EXTRACTED MATERIAL ▸
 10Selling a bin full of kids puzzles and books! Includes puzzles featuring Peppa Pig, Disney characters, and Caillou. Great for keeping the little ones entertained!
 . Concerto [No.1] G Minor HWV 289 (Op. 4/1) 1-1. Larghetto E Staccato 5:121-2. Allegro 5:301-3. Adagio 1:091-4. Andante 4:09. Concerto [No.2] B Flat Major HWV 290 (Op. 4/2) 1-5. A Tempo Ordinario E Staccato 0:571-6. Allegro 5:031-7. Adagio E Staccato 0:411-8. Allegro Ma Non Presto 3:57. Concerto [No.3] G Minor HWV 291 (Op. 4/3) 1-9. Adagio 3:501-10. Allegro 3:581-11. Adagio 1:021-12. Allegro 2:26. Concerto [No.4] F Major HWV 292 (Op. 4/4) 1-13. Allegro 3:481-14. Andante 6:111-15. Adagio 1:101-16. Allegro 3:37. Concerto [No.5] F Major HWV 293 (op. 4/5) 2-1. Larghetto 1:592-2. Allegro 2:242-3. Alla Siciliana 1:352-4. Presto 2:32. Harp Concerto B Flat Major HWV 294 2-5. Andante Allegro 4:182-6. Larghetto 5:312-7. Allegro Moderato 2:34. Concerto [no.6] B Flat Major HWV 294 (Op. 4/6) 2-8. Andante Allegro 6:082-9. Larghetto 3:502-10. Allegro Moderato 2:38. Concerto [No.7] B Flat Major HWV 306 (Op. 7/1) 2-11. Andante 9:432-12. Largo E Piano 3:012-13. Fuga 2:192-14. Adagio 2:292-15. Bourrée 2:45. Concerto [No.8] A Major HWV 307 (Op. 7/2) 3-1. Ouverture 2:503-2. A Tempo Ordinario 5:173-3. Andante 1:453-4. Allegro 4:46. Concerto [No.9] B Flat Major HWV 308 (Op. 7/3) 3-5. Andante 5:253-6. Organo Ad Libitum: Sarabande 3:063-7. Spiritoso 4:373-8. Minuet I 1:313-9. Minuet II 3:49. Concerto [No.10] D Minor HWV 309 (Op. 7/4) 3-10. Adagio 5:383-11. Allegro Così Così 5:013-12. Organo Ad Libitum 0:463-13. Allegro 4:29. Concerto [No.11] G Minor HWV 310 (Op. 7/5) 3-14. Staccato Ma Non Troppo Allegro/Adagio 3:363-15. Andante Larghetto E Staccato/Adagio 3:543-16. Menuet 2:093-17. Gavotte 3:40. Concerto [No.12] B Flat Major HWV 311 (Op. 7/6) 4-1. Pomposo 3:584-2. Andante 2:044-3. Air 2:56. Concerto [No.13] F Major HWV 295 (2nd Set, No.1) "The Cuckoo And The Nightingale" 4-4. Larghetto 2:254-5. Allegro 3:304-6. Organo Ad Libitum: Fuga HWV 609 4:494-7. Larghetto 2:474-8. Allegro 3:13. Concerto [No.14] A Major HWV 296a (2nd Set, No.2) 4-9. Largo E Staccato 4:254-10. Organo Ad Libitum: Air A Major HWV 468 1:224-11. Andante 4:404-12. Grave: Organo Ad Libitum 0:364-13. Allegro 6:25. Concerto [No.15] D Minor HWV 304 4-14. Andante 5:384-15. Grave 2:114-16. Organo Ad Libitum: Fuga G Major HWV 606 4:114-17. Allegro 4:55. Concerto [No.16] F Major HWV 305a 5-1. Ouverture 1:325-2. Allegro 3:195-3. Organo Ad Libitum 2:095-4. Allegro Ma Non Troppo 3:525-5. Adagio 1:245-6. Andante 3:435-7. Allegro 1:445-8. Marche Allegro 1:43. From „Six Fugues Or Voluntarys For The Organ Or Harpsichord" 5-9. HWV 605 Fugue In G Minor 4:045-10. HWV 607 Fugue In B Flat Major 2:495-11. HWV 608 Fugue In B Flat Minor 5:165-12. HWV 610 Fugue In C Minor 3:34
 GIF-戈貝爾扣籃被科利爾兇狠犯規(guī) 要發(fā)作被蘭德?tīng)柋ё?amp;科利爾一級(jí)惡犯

...

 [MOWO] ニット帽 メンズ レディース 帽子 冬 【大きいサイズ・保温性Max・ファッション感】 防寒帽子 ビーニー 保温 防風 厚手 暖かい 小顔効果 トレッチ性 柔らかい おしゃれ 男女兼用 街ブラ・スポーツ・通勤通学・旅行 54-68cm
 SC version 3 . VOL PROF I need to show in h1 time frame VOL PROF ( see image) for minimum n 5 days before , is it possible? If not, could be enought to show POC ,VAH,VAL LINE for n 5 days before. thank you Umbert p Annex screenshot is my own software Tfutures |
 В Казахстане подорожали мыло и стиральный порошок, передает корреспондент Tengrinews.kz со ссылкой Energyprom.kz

ACTIVITY ▸ Give back the records above exactly, limited to the lines between the one holding "[MOWO] ニット帽 メンズ" and the one holding "В Казахстане подорожали", inclusive.

EXPECTED OUTPUT ▸
 [MOWO] ニット帽 メンズ レディース 帽子 冬 【大きいサイズ・保温性Max・ファッション感】 防寒帽子 ビーニー 保温 防風 厚手 暖かい 小顔効果 トレッチ性 柔らかい おしゃれ 男女兼用 街ブラ・スポーツ・通勤通学・旅行 54-68cm
 SC version 3 . VOL PROF I need to show in h1 time frame VOL PROF ( see image) for minimum n 5 days before , is it possible? If not, could be enought to show POC ,VAH,VAL LINE for n 5 days before. thank you Umbert p Annex screenshot is my own software Tfutures |
 В Казахстане подорожали мыло и стиральный порошок, передает корреспондент Tengrinews.kz со ссылкой Energyprom.kz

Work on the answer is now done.